Fátima befindet sich im Umbruch und passt sich neuen Zeiten an. Als Ort der Buße für die Sünden der Welt und der Betonung der erlösenden Rolle des Leidens ist das Heiligtum nun nicht mehr schwer zugänglich und unzulänglich ausgerüstet für die Aufnahme von Unmengen von Gläubigen. In ihrer bequemen und farbenfrohen Kleidung wirken die heutigen Pilger ebenfalls anders als die ärmlich gekleideten Dorfleute auf den alten Fotos, die stundenlang Kälte, Regen und Hitze mit der gleichen Ausdauer und Resignation aushielten wie die täglichen Leiden des Lebens. Die aktuellen Bilder von Pilgergruppen, die sich mit Tennisschuhen, sportlicher Kleidung sowie einer Flasche Wasser in der Hand ausgerüstet auf dem Weg nach Fátima befinden, erinnern eher an einen Marathon des Glaubens. Am Ende der Wallfahrt erwartet sie bereits ein Dach über den Kopf und die Hoffnung auf einen Sitzplatz im Innern der Dreifaltigkeitskirche. Die Beziehung von Fátima zur Buße ist im Begriff sich zu ändern. Das Leiden gehört eher der Vergangenheit an.

Auch Fátimas aktuelle sakrale Kunst widerspiegelt gleichfalls eine Anpassung an die heutige Zeit. Die modernen und funktionellen Linien der neuen Kirche von Fátima, ihre eher zur Erde als zum Himmel ausgerichtete Architektur, die neue weiße Statue der Jungfrau Maria im Inneren, bei der einige Attribute ihres traditionellen Erscheinungsbildes entfallen sind sowie der Avantgardismus in Stahlform des Großen Kreuzes zeugen eindeutig von einer ästhetischen Neuerung des Heiligtums.

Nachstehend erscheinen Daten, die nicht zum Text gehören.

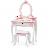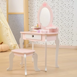 Cette charmante coiffeuse pour enfant en bois, aux couleurs rose‑blanc de la marque Viga, transforme la chambre en petit royaume. Elle comprend un miroir sûr avec une couronne décorative, un tabouret confortable, un tiroir spacieux et un ensemble d’accessoires cosmétiques en bois. Grâce à sa fabrication de qualité, à ses bords lisses et à ses peintures non toxiques, elle est idéale pour les jeux créatifs et les jeux de rôle des enfants.

Da der gesamte alte Teil der heiligen Stätte erhalten geblieben ist, entsteht ein allgemeiner Eindruck von Verschiedenartigkeit und Pluralität.

Fátima ist nicht nur dabei seine Physiognomie zu ändern, sondern wird sich auch in religiöser Hinsicht anpassen, auch wenn dies vielleicht weniger offensichtlich ist. Neue Interpretationen des „Geheimnisses“ von Fátima deuten möglicherweise auf andere als die traditionellen Horizonte, ohne dabei den apokalyptischen Charakter der Botschaft der Jungfrau Maria zu verlieren. Noch wird das spirituelle und geistige Universum Fátimas von den altherkömmlichen Vorstellungen der Sünde, der göttlichen Strafe, der Buße und Bekehrung bestimmt, die im Rahmen eines kosmischen Kampfes zwischen den guten und den verderblichen Kräften oberhalb oder jenseits der eigentlichen Menschheitsgeschichte zu verstehen sind. Das Hauptthema der Buße kann jedoch auch als „dramatischer Appell an die Freiheit des Menschen, sich selbst und somit den Verlauf der Geschichte zu ändern“ interpretiert werden (Kardinal Ratzinger, 2000). Die Botschaft Fátimas verspricht von daher, sich spirituell zu vervielfältigen und sich neuer Symbolik, neuen Teleologien und Weltanschauungen zu öffnen, von denen einige in einem Spannungs- bzw. Konfliktverhältnis zu den anderen stehen. Das einheitliche Bild eines traditionsbetonten, extremistischen und anti-ökumenischen Fátimas, geschichtlich durch eine anti-republikanische und – weltweit – anti-kommunistische Einstellung geprägt, befindet sich wahrscheinlich im Schwinden, ohne dass es durch ein anderes einheitliches Bild ersetzt werden soll. Seit dem 2. Vatikanischen Konzil ist Fátima Thema und Schauplatz von Spannungen und Auseinandersetzungen zwischen verschiedenen Tendenzen gewesen, die zu einem gewissen Grad dem realen Pluralismus des Katholizismus in Portugal und weltweit entsprechen. Die extremistischen und anti-ökumenischen Katholiken wollten Fátima zu einer symbolischen Festung ihrer Einstellungen machen; die kirchliche Führung hat diese Verbindung in den letzten Jahrzehnten abgewiesen und verhindert, so dass sich Fátima zu einem Hindernis im Annäherungsprozess zwischen Christen und dem Dialog zwischen der christlichen Religion und anderen Religionen entwickelt.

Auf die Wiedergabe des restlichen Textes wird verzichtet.